In duplicating the lines below, keep every word unchanged and drop the pictures.

RECORDED DATA section start

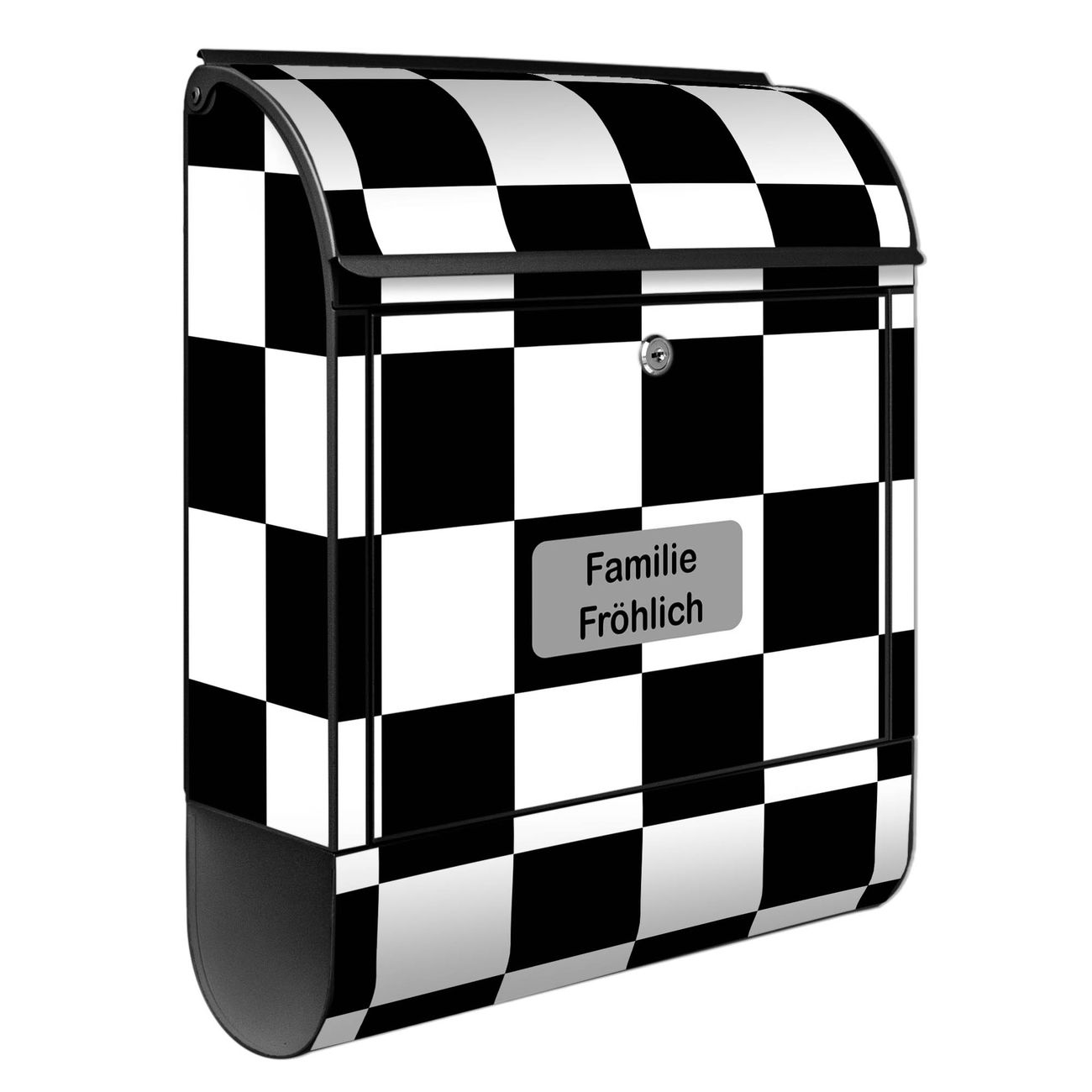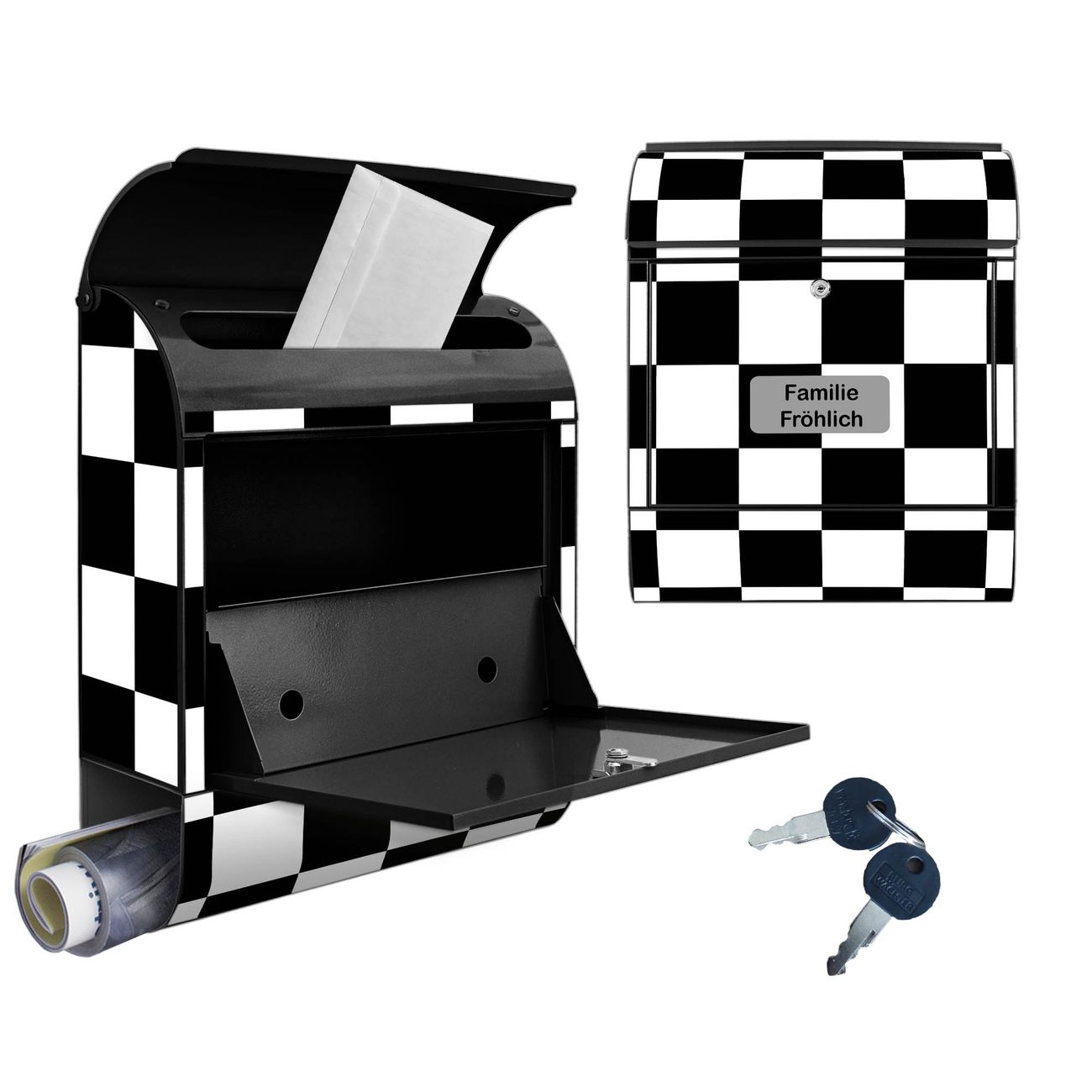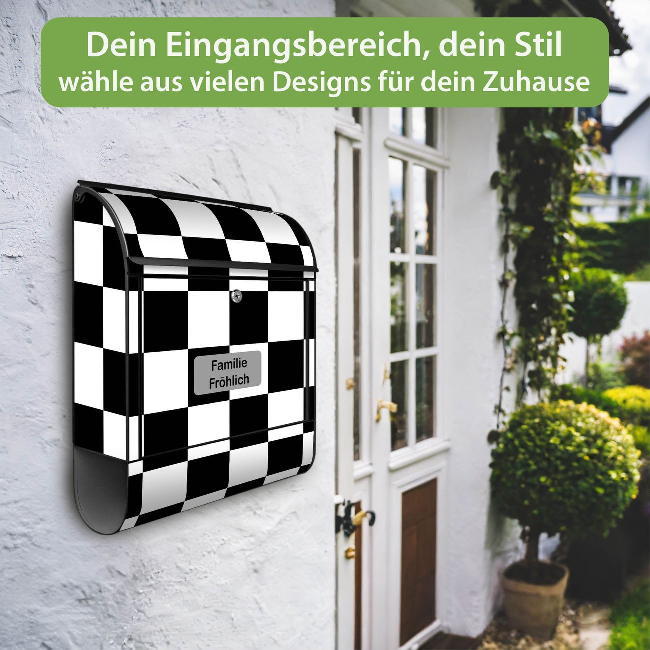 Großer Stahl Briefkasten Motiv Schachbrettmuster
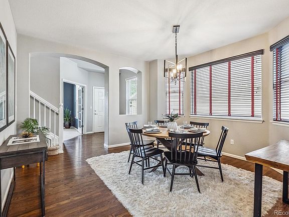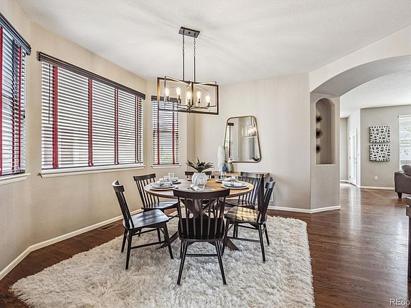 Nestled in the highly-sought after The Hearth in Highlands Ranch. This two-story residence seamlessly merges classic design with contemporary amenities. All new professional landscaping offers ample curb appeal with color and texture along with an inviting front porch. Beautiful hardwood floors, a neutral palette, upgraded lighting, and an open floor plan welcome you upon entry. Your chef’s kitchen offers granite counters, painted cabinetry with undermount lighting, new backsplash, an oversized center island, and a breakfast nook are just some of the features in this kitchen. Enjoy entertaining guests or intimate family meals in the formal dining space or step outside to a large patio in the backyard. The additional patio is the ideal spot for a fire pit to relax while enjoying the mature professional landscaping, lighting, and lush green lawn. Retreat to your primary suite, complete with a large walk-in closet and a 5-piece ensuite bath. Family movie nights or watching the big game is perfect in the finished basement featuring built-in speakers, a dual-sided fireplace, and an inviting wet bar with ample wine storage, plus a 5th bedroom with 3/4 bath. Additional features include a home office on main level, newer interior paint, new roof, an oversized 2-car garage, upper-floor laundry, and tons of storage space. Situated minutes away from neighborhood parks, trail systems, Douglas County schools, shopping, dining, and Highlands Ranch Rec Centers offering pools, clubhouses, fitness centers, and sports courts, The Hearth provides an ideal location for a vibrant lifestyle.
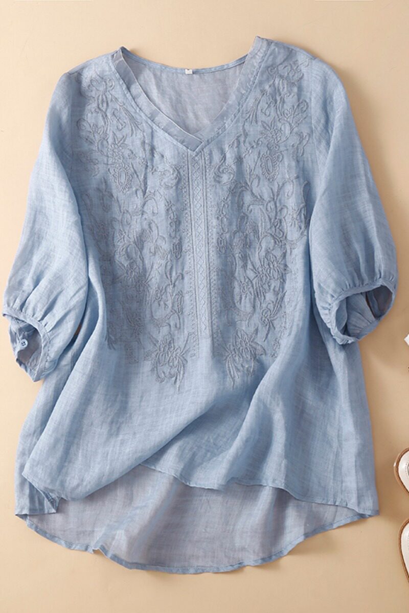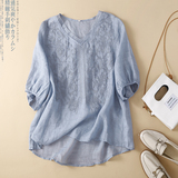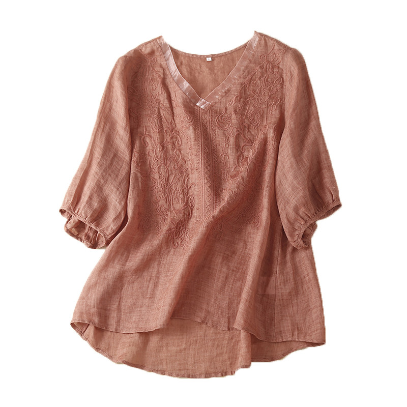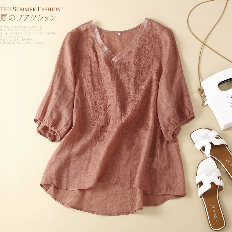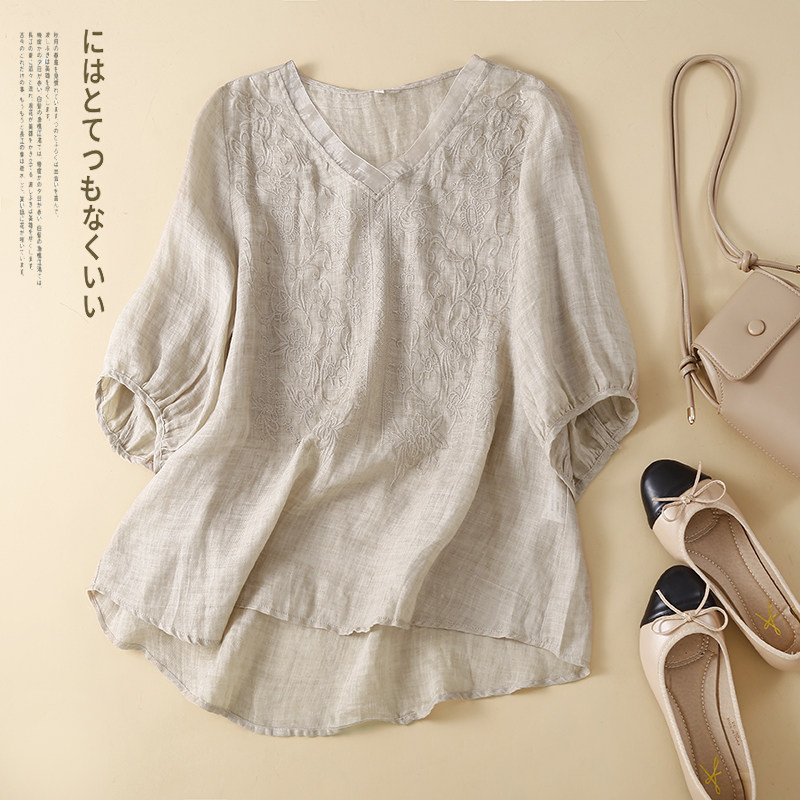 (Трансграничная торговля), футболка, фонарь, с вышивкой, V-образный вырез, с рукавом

RECORDED DATA section end

ANSWER BELOW —
 Großer Stahl Briefkasten Motiv Schachbrettmuster
 Nestled in the highly-sought after The Hearth in Highlands Ranch. This two-story residence seamlessly merges classic design with contemporary amenities. All new professional landscaping offers ample curb appeal with color and texture along with an inviting front porch. Beautiful hardwood floors, a neutral palette, upgraded lighting, and an open floor plan welcome you upon entry. Your chef’s kitchen offers granite counters, painted cabinetry with undermount lighting, new backsplash, an oversized center island, and a breakfast nook are just some of the features in this kitchen. Enjoy entertaining guests or intimate family meals in the formal dining space or step outside to a large patio in the backyard. The additional patio is the ideal spot for a fire pit to relax while enjoying the mature professional landscaping, lighting, and lush green lawn. Retreat to your primary suite, complete with a large walk-in closet and a 5-piece ensuite bath. Family movie nights or watching the big game is perfect in the finished basement featuring built-in speakers, a dual-sided fireplace, and an inviting wet bar with ample wine storage, plus a 5th bedroom with 3/4 bath. Additional features include a home office on main level, newer interior paint, new roof, an oversized 2-car garage, upper-floor laundry, and tons of storage space. Situated minutes away from neighborhood parks, trail systems, Douglas County schools, shopping, dining, and Highlands Ranch Rec Centers offering pools, clubhouses, fitness centers, and sports courts, The Hearth provides an ideal location for a vibrant lifestyle.
 (Трансграничная торговля), футболка, фонарь, с вышивкой, V-образный вырез, с рукавом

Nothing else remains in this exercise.